Эли отвешивает мне оплеуху.

– Эй, твой рыжий тебя сегодня не будет трахать, – слышу я, – рыжий, влепи ему еще одну от меня!

– Ты должен научиться не обращать на это внимания, – пропыхтел Эли, стоя надо мною, – ты слышишь, Крамер, – он перешел на угрожающий шепот, – ты должен научиться относиться к этому спокойно. Если я еще раз увижу тебя вытворяющим такие фокусы, я лично позабочусь, чтобы ты пошел под суд.

Ночью кто-то позвонил из больницы и сказал, что операция прошла не очень удачно и что Джеки Абутбуль останется на всю жизнь полностью парализованным и будет вести бессознательный образ жизни, как растение.

– Главное, что мы должны научиться класть на них, – сказал я Эли, – будем класть на них, как Джеки.

– Оставь свой выпендреж, Крамер, – сказал Эли, – ты думаешь, что меня не волнует, что произошло с Абутбулем? Он был и моим другом – не только твоим. Ты думаешь, что мне не хочется взять сейчас джип и прочесать дом за домом, выволочь их на улицу и влепить каждому пулю в голову? Но если я это сделаю, я буду выглядеть так же, как ты. Понимаешь? Нет, ты ничего не понимаешь.

А я-то вдруг начал понимать – гораздо лучше него.

…Араб стоял посреди улицы в десяти метрах от меня с лицом, закутанным куфией: «Привет, пидар!»

– Доброе утро, – процедил я.

– Как дела у Абутбуля, пидар ? Ты передал ему привет от ХАМАСа?

Я снял бронежилет и бросил его на землю. Снял каску.

– Пидар, у тебя что, мозги вылезли после того, как тебя рыжий оттрахал?

Я разрываю санпакет и обвязываю бинтом все лицо, оставляя лишь щели для глаз. Беру автомат. Проверяю, все ли на месте. Беру двумя руками за ствол и вращаю над головой. И вдруг бросаю в него. Автомат летит и падает посредине между нами. Теперь я – как он. Теперь и у меня есть шанс победить.

– Это тебе, – кричу я.

Он растерян. Но бежит к автомату. Я бегу ему навстречу. Он успевает первым. Но я одержу победу, ведь сейчас я – как он. А он с автоматом – как я. Пусть его мать и сестра трахаются с евреями, пусть его друзья попадают в больницу и превращаются в растения.

Он стоит напротив, как пидар, с автоматом и ничего не может сделать. Как я могу проиграть?

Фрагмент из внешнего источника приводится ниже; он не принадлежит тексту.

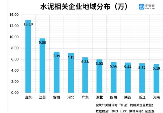 受需求帶動,近日浙江、江蘇、江西、福建、青海、甘肅等地水泥企業陸續發布漲價通知,A股水泥相關個股近期也集體走高。企查查數據顯示,目前我國共有127.19萬家水泥相關企業,山東省以13.1萬家企業高居第一,江蘇、安徽分列二三名,上海、天津、南寧則是排名前三的城市。2020年全年,水泥相關企業新注冊28.49萬家,同比增長42%,今年一季度新增企業7.49萬家,同比增長112%。
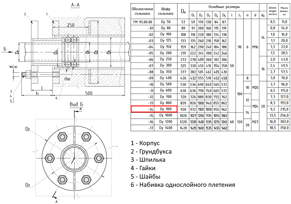 Сальник нажимной ТМ 95-14 Ду 900 L=500мм серия 5.900-3 ТМ 95.00.00-14

Он поднимает автомат. Я в пяти метрах от него. Он отпускает предохранитель, целится в меня и нажимает на спуск. И лишь тогда до него доходит то, что я выяснил за последний месяц: этот автомат – дерьмо. Три с половиной кило лишнего железа. С ним ничего невозможно сделать. Я подхожу к нему раньше, чем он успевает выпрямиться, и даю ему в морду. Он падает. Я подымаю его за волосы и срываю с него куфию. Его лицо напротив моего. Я изо всей силы бью его мордой о бетонный столб. Раз, второй, третий. Посмотрим, как его рыжий трахнет его в задницу.

Перевел с иврита Марьян Беленький

  1. “Голани” – элитная боевая часть Армии обороны Израиля.